ACTIVITY: Print the listing as it stands, omitting all images.

DATASET CONTENT:
....
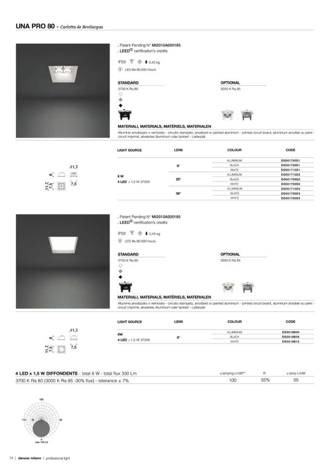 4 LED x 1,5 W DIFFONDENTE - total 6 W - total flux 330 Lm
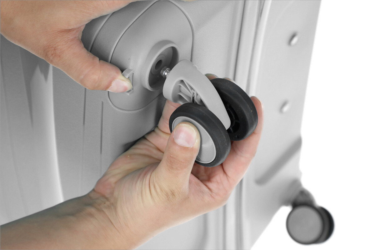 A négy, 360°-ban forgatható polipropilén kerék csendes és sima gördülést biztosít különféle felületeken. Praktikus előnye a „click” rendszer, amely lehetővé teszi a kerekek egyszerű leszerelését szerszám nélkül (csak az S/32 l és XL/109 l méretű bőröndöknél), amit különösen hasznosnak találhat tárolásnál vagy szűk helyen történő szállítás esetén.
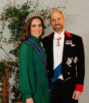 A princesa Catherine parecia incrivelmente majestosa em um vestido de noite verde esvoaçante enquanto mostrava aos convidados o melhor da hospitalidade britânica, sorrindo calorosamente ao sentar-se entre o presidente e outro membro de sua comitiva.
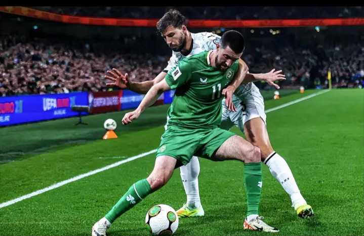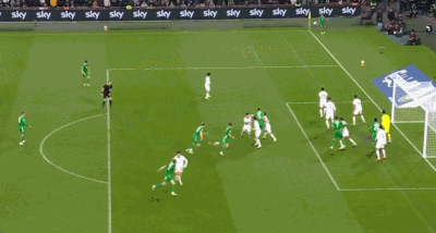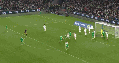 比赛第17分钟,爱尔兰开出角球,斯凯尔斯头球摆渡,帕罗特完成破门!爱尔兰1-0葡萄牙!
....
EXERCISE RESULT:
 4 LED x 1,5 W DIFFONDENTE - total 6 W - total flux 330 Lm
 A négy, 360°-ban forgatható polipropilén kerék csendes és sima gördülést biztosít különféle felületeken. Praktikus előnye a „click” rendszer, amely lehetővé teszi a kerekek egyszerű leszerelését szerszám nélkül (csak az S/32 l és XL/109 l méretű bőröndöknél), amit különösen hasznosnak találhat tárolásnál vagy szűk helyen történő szállítás esetén.
 A princesa Catherine parecia incrivelmente majestosa em um vestido de noite verde esvoaçante enquanto mostrava aos convidados o melhor da hospitalidade britânica, sorrindo calorosamente ao sentar-se entre o presidente e outro membro de sua comitiva.
 比赛第17分钟,爱尔兰开出角球,斯凯尔斯头球摆渡,帕罗特完成破门!爱尔兰1-0葡萄牙!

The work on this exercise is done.